EXERCISE OBJECTIVE: Nothing but the lines from the one with "Especificaciones: Computadora para" through the end of the listing should be reproduced, each exactly and with pictures omitted.

DATA EXCERPTS:
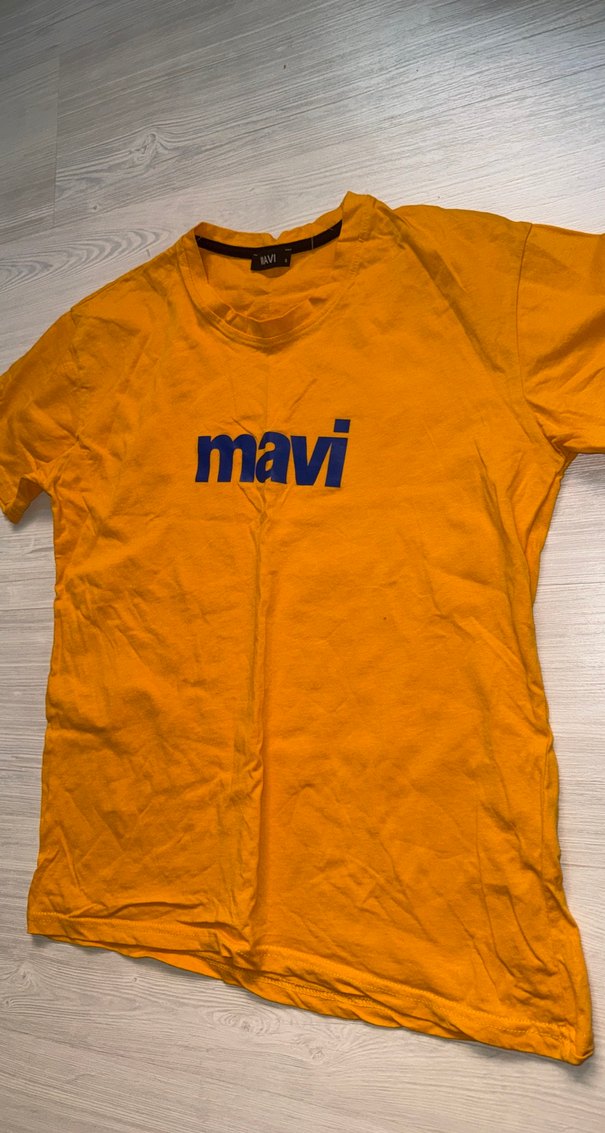 Sarı renkli, mavi "mavi" baskılı, kısa kollu, yuvarlak yaka ve bol kesim erkek tişörtü, rahat tekstil kumaştan üretilmiştir.
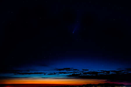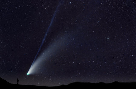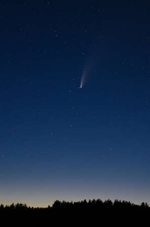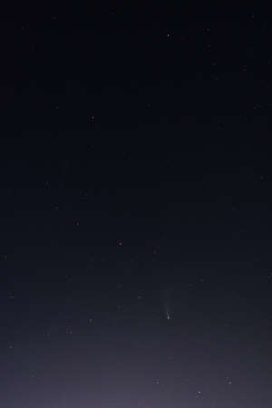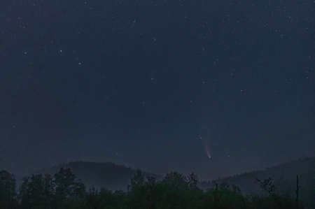 Snapshot of comet Neowise in clear blue starry sky. Beautiful summer night in the mountains. Concept of astrophotography
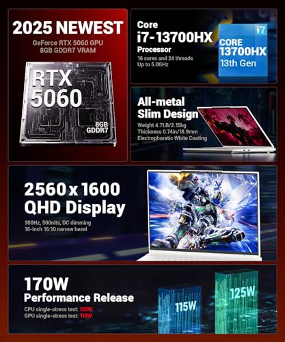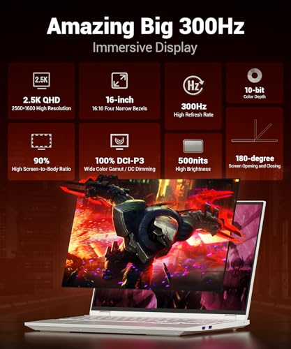 Especificaciones: Computadora para juegos portátil【300Hz/5060/i7/1TB/Dual RAM】 2560×1600 16:10 WQXGA | GPU RTX 5060 | CPU Intel Core i7-13700HX | Retroiluminación RGB | RAM DDR5 | SSD PCIe4.0 | Laptop de metal blanco Cuaderno gamer
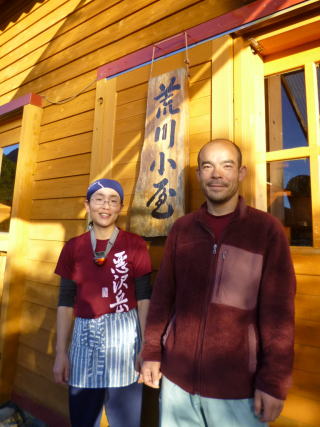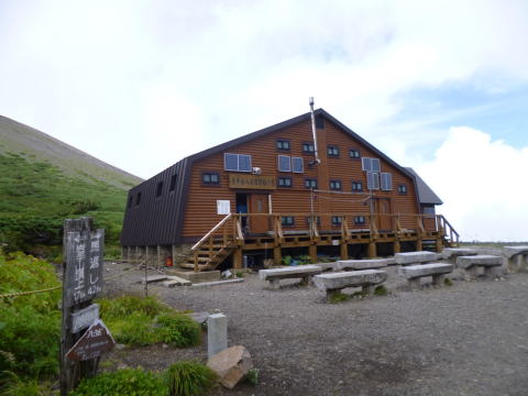 | 高塚小屋 高塚小屋(1330m)は計画より1時間半の遅れの通過となった。高塚小屋は昨年建て替えられて新しいが若干狭く水場もない。横のトイレ棟で数人が作業をしていた。 |
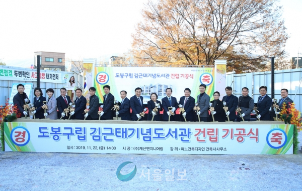 도봉구는 지난 22일 도봉동 279번지(도봉동 마루공원 부지)에서 ‘도봉구립 김근태기념도서관’ 착공식을 가졌다.

FINISHED TASK:
 Especificaciones: Computadora para juegos portátil【300Hz/5060/i7/1TB/Dual RAM】 2560×1600 16:10 WQXGA | GPU RTX 5060 | CPU Intel Core i7-13700HX | Retroiluminación RGB | RAM DDR5 | SSD PCIe4.0 | Laptop de metal blanco Cuaderno gamer
 | 高塚小屋 高塚小屋(1330m)は計画より1時間半の遅れの通過となった。高塚小屋は昨年建て替えられて新しいが若干狭く水場もない。横のトイレ棟で数人が作業をしていた。 |
 도봉구는 지난 22일 도봉동 279번지(도봉동 마루공원 부지)에서 ‘도봉구립 김근태기념도서관’ 착공식을 가졌다.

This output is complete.